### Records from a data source

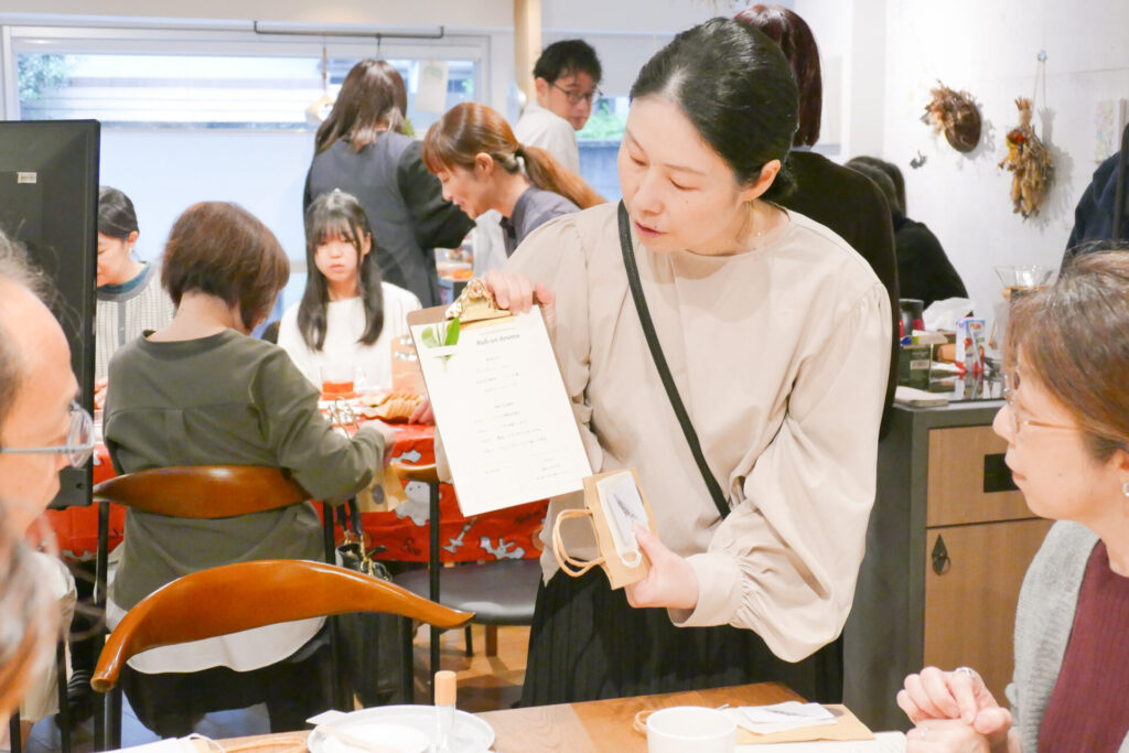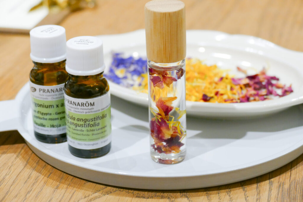 今回のハイライトのひとつが、erbさんによるアロマロールオンづくりのワークショップ。彩り豊かなドライフラワー、精油の香りで五感が自然と開いていくような、穏やかな時間が流れました。
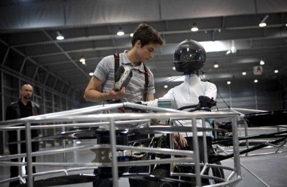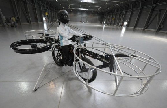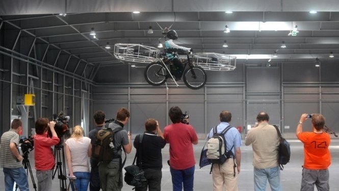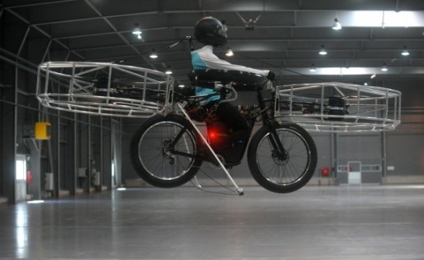 Велосипед злітає над землею завдяки шести потужним горизонтальним пропелерам і мотору. Вага винаходу становить 170 кілограмів.
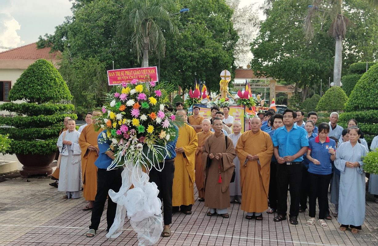 Từ sáng đã thấy hình bóng hàng Tu sĩ Phật giáo đến tại nghĩa trang để cắm hoa và bài trí cúng kính tại Đền thờ và ngay Đài Tổ Quốc Ghi Công. Đại đức Phó thường trực Thích Thiện Danh đại lao cho Đại đức Trưởng Ban Thích Huệ Quang sau khi kiểm tra công tác chuẩn bị Đại Lễ Phật Đản diễn ra vào ngày 13/4 âm lịch tại Lễ Đài chính của Phật giáo huyện đặt tại Chùa Thiên Long, đoàn xe Hoa Phật Đản cùng Tăng Ni Phật giáo huyện Châu Thành tiến về Nghĩa trang để Tăng Ni kịp thời thắp hương tưởng niệm đến các Anh Linh Liệt Sĩ đã ngã xuống cho đất nước nỡ hoa Độc Lập, kết quả Tự Do .
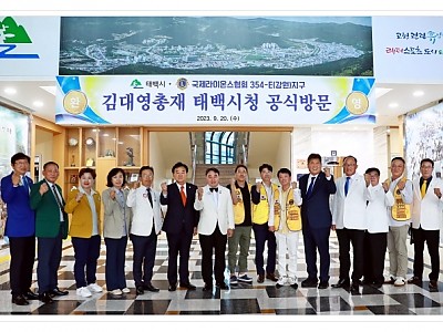 기부금이 태백 발전에 작은 도움이 되었으면... 국제라이온스협회 354-E 지구와 제 6지역 임원들과 간담회를 가져... 국제라이온스협회 354-E(강원)지구 김대영 총재는 20일 태백시청을 방문해 고향사랑기부금을 기탁했다. 김대영 총재는 “기부금이 태백 발전에 작은 도움이 되었으면 한다”라며, “국제라이온스협회 활동에 많은 관심과 격려를 부탁드린다”고 말…
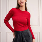 Red Rib Full Sleeves High Neck Sweater, in Viscose Nylon Rib fabric, Unlined, Regular Length, Slim Fit, No Closure, Straight Hemline and features Self Ribbed Design
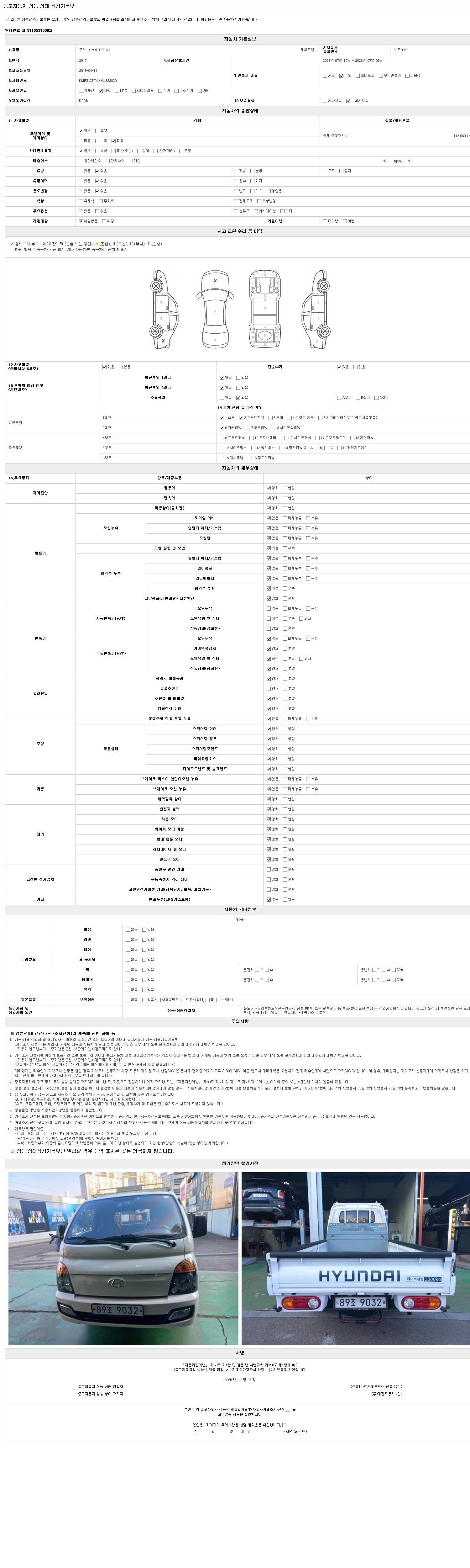 2. 차량 등록증이나 성능점검지 등을 상담자에게 요청및 확인하시고 사전에 미리 점검 하시기를 권유드립니다.
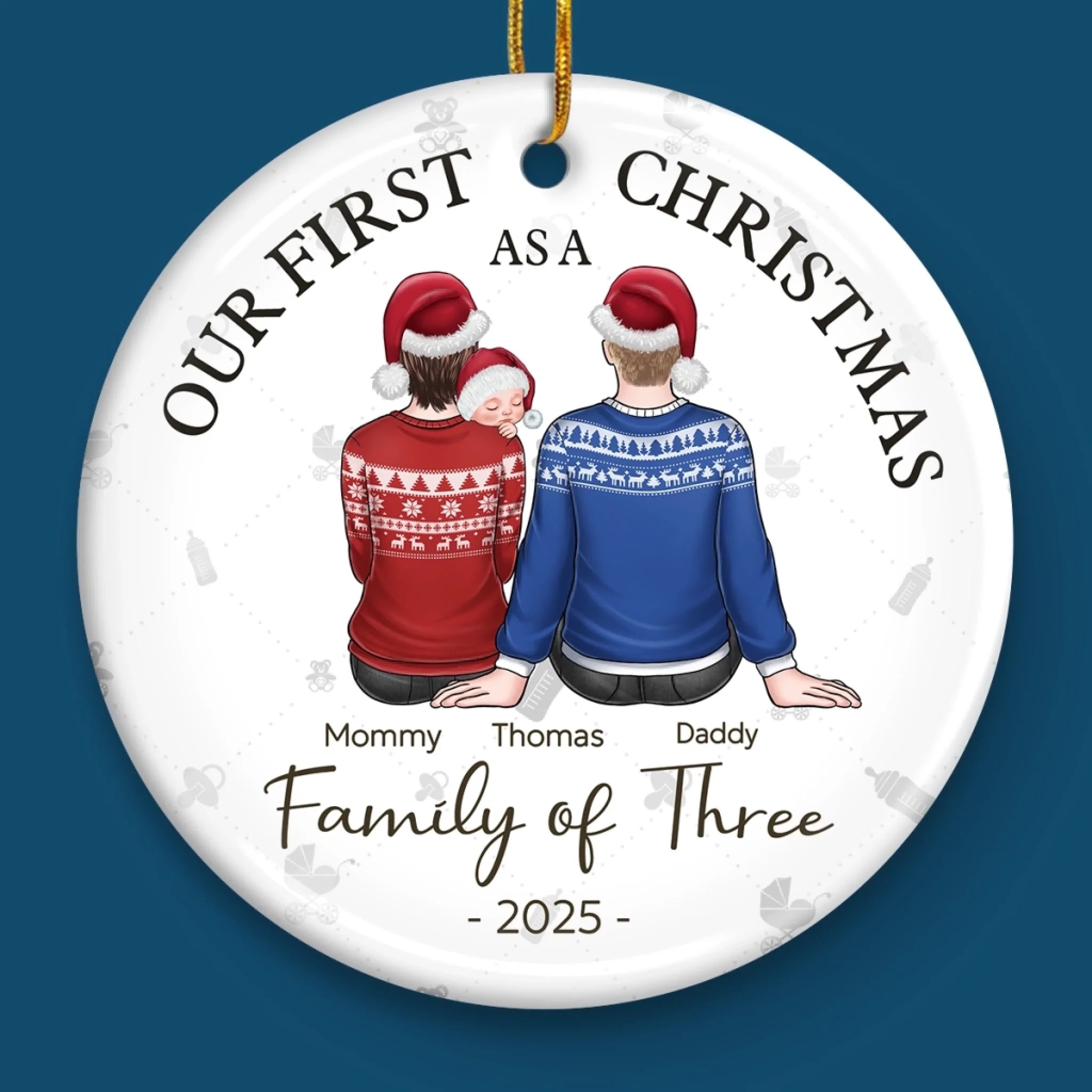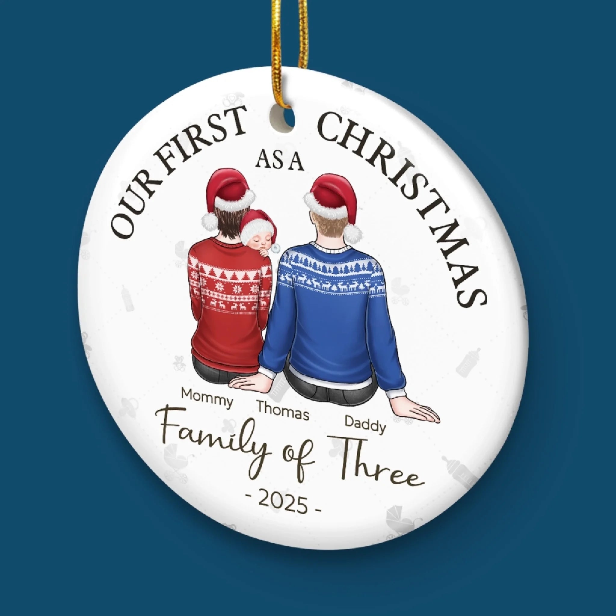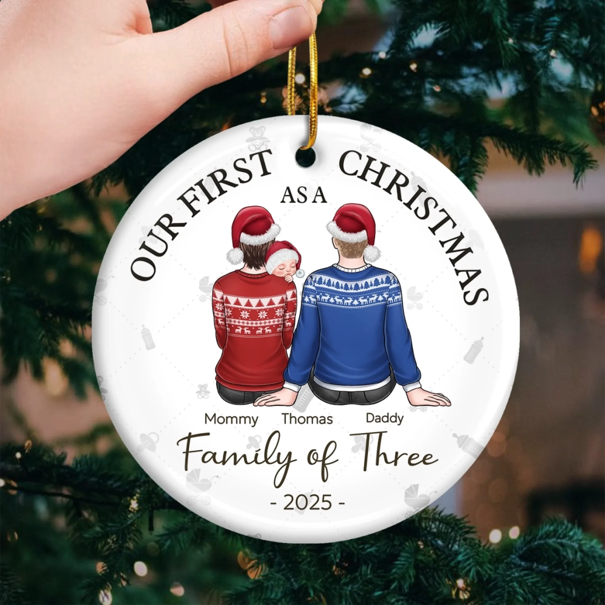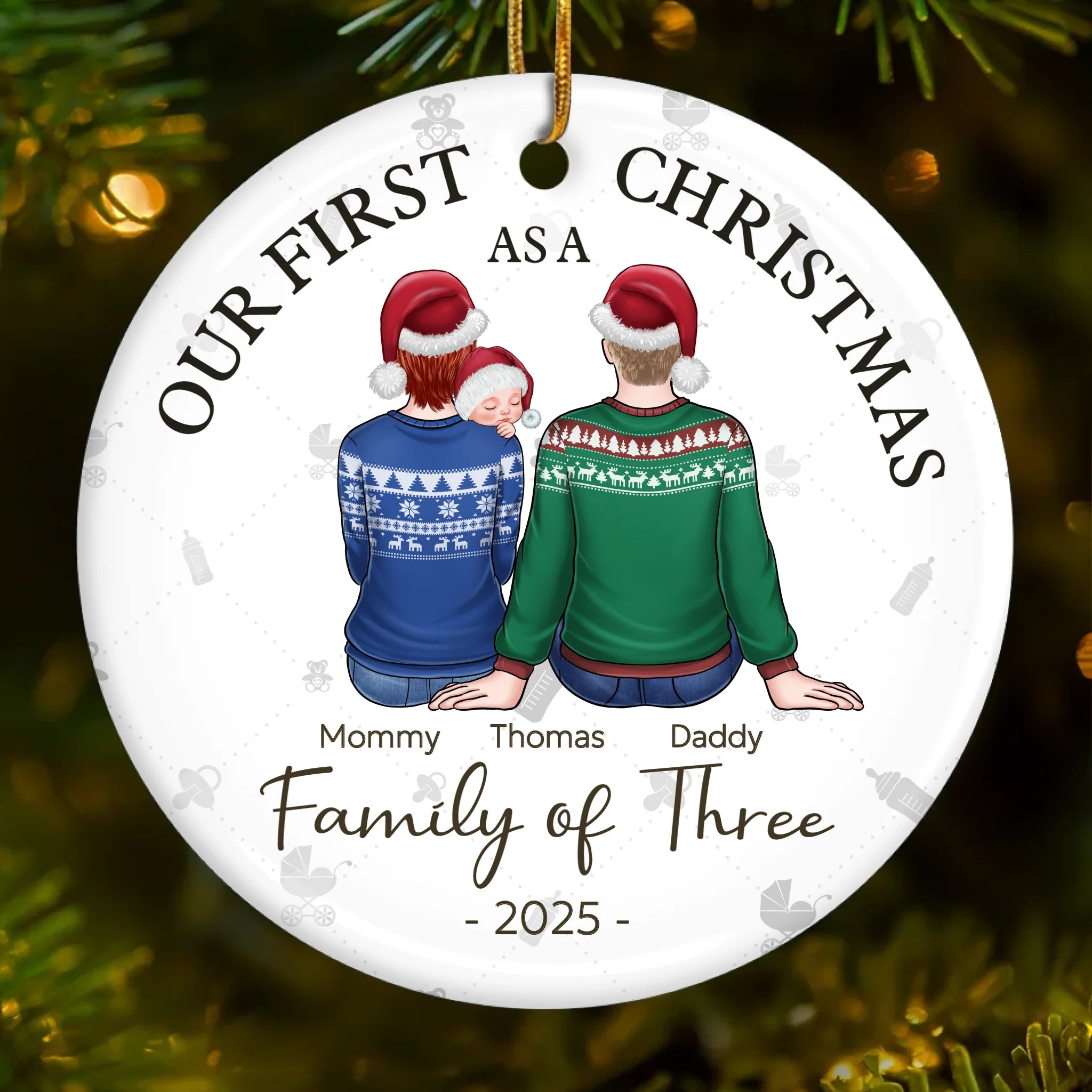 Our First Christmas As A Family - Family Personalized Custom Ornament - Ceramic Round Shaped - Christmas Gift For Family Members, Baby Kids, Newborn Baby, First Christmas
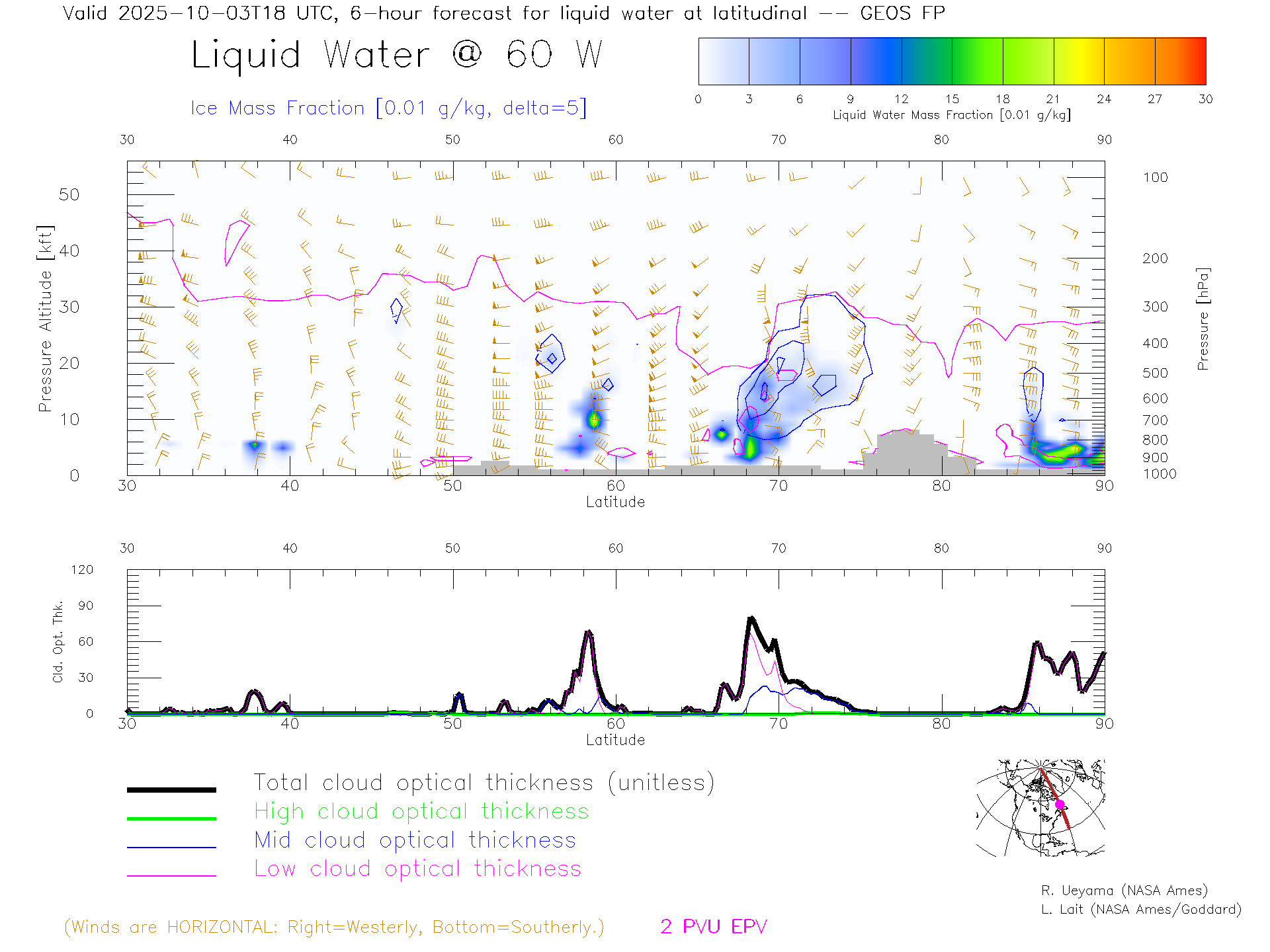 GEOS Forecast Cloud Water Content X-Section (60 W)
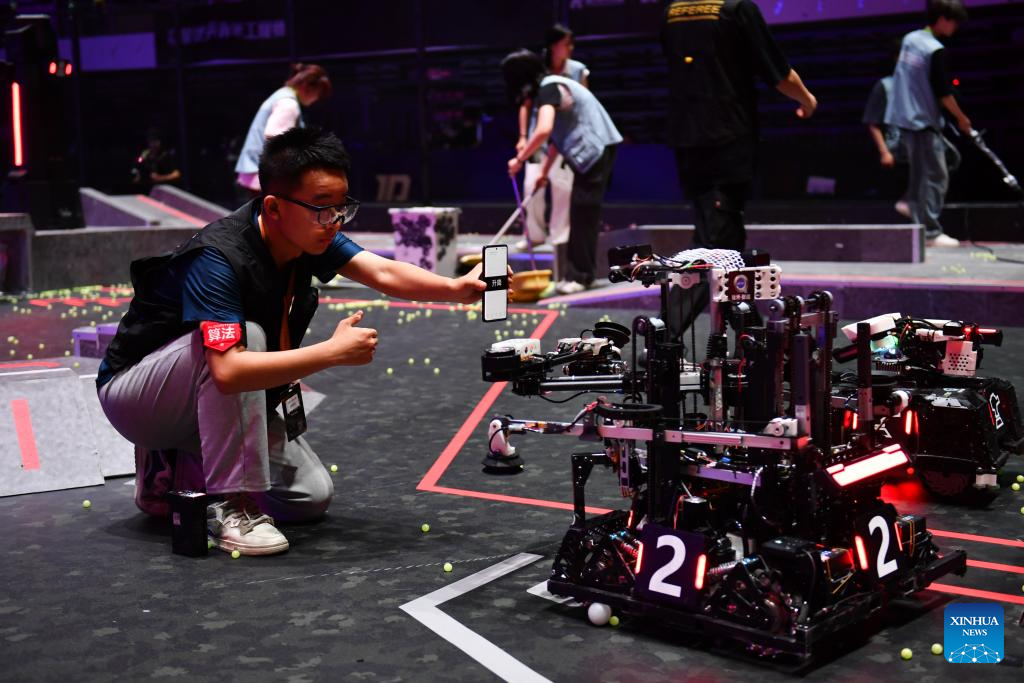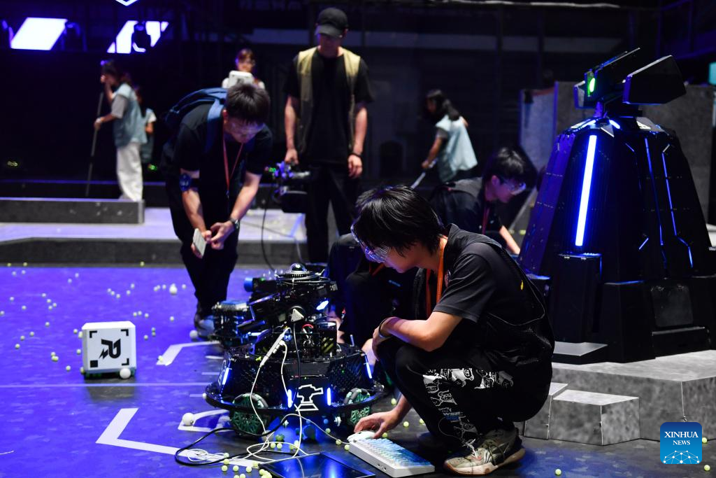 Contestants from Hefei University of Technology test their robots during the RoboMaster 2025 University Championship Regional Competition in Changsha, central China's Hunan Province, May 21, 2025. The five-day regional competition kicked off here on Wednesday, attracting teams from 32 universities of China. (Xinhua/Chen Zhenhai)
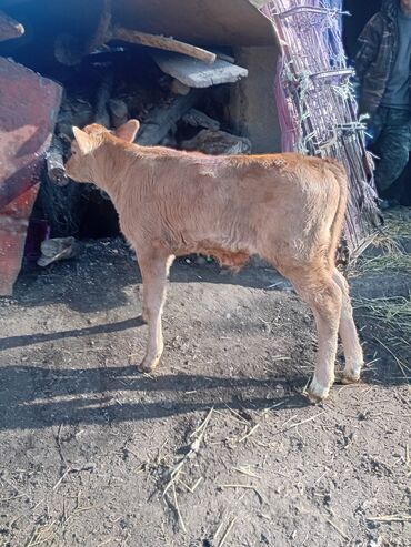 Теленок, рыжий окрас. Молодое животное на фото: крепкий корпус, ровные ноги, аккуратная голова и уши, короткая светлая шерсть. Спина прямая, хорошо развитые конечности, активный и подвижный. Подходит для дальнейшего откорма или формирования маточного поголовья. Натуральное содержание на подворье.

### Task description
Strip the images and return the remaining data exactly.

### Answer to this problem
 今回のハイライトのひとつが、erbさんによるアロマロールオンづくりのワークショップ。彩り豊かなドライフラワー、精油の香りで五感が自然と開いていくような、穏やかな時間が流れました。
 Велосипед злітає над землею завдяки шести потужним горизонтальним пропелерам і мотору. Вага винаходу становить 170 кілограмів.
 Từ sáng đã thấy hình bóng hàng Tu sĩ Phật giáo đến tại nghĩa trang để cắm hoa và bài trí cúng kính tại Đền thờ và ngay Đài Tổ Quốc Ghi Công. Đại đức Phó thường trực Thích Thiện Danh đại lao cho Đại đức Trưởng Ban Thích Huệ Quang sau khi kiểm tra công tác chuẩn bị Đại Lễ Phật Đản diễn ra vào ngày 13/4 âm lịch tại Lễ Đài chính của Phật giáo huyện đặt tại Chùa Thiên Long, đoàn xe Hoa Phật Đản cùng Tăng Ni Phật giáo huyện Châu Thành tiến về Nghĩa trang để Tăng Ni kịp thời thắp hương tưởng niệm đến các Anh Linh Liệt Sĩ đã ngã xuống cho đất nước nỡ hoa Độc Lập, kết quả Tự Do .
 기부금이 태백 발전에 작은 도움이 되었으면... 국제라이온스협회 354-E 지구와 제 6지역 임원들과 간담회를 가져... 국제라이온스협회 354-E(강원)지구 김대영 총재는 20일 태백시청을 방문해 고향사랑기부금을 기탁했다. 김대영 총재는 “기부금이 태백 발전에 작은 도움이 되었으면 한다”라며, “국제라이온스협회 활동에 많은 관심과 격려를 부탁드린다”고 말…
 Red Rib Full Sleeves High Neck Sweater, in Viscose Nylon Rib fabric, Unlined, Regular Length, Slim Fit, No Closure, Straight Hemline and features Self Ribbed Design
 2. 차량 등록증이나 성능점검지 등을 상담자에게 요청및 확인하시고 사전에 미리 점검 하시기를 권유드립니다.
 Our First Christmas As A Family - Family Personalized Custom Ornament - Ceramic Round Shaped - Christmas Gift For Family Members, Baby Kids, Newborn Baby, First Christmas
 GEOS Forecast Cloud Water Content X-Section (60 W)
 Contestants from Hefei University of Technology test their robots during the RoboMaster 2025 University Championship Regional Competition in Changsha, central China's Hunan Province, May 21, 2025. The five-day regional competition kicked off here on Wednesday, attracting teams from 32 universities of China. (Xinhua/Chen Zhenhai)
 Теленок, рыжий окрас. Молодое животное на фото: крепкий корпус, ровные ноги, аккуратная голова и уши, короткая светлая шерсть. Спина прямая, хорошо развитые конечности, активный и подвижный. Подходит для дальнейшего откорма или формирования маточного поголовья. Натуральное содержание на подворье.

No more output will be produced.